> _Record excerpts_:
╭──

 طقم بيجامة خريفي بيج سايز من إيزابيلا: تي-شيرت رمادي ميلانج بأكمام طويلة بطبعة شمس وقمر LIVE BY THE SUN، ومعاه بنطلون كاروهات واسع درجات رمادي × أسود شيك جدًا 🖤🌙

╰──
╭──

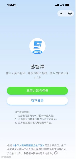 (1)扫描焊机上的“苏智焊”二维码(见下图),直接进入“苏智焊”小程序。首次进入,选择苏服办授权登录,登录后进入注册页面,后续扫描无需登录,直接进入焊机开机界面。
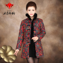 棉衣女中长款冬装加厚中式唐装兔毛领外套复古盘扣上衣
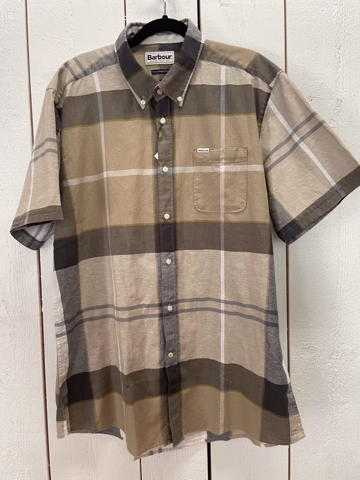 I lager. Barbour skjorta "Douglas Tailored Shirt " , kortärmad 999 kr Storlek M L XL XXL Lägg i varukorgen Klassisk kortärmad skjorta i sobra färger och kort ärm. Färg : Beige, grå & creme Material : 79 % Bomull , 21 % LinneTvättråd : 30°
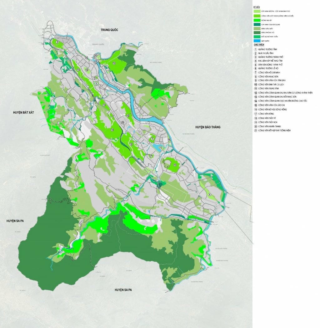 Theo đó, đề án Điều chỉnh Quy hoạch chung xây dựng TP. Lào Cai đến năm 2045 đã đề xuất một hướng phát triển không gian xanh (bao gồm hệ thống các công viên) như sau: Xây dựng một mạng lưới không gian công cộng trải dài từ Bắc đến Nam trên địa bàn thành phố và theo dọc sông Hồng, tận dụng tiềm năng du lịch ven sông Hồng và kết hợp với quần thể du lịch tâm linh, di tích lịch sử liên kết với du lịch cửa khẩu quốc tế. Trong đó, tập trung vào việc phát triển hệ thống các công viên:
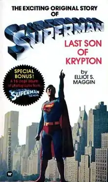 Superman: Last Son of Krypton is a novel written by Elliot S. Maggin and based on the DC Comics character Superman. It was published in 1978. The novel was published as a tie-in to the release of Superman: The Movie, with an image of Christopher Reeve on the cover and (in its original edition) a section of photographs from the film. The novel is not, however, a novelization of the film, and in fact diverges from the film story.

╰──

> _Brief_:
Word for word, retype the lines in the entries above that run from the one with "棉衣女中长款冬装加厚中式唐装兔毛领外套复古盘扣上衣" through the one with "Theo đó, đề". Both ends count; pictures do not.

> _Task result_:
 棉衣女中长款冬装加厚中式唐装兔毛领外套复古盘扣上衣
 I lager. Barbour skjorta "Douglas Tailored Shirt " , kortärmad 999 kr Storlek M L XL XXL Lägg i varukorgen Klassisk kortärmad skjorta i sobra färger och kort ärm. Färg : Beige, grå & creme Material : 79 % Bomull , 21 % LinneTvättråd : 30°
 Theo đó, đề án Điều chỉnh Quy hoạch chung xây dựng TP. Lào Cai đến năm 2045 đã đề xuất một hướng phát triển không gian xanh (bao gồm hệ thống các công viên) như sau: Xây dựng một mạng lưới không gian công cộng trải dài từ Bắc đến Nam trên địa bàn thành phố và theo dọc sông Hồng, tận dụng tiềm năng du lịch ven sông Hồng và kết hợp với quần thể du lịch tâm linh, di tích lịch sử liên kết với du lịch cửa khẩu quốc tế. Trong đó, tập trung vào việc phát triển hệ thống các công viên:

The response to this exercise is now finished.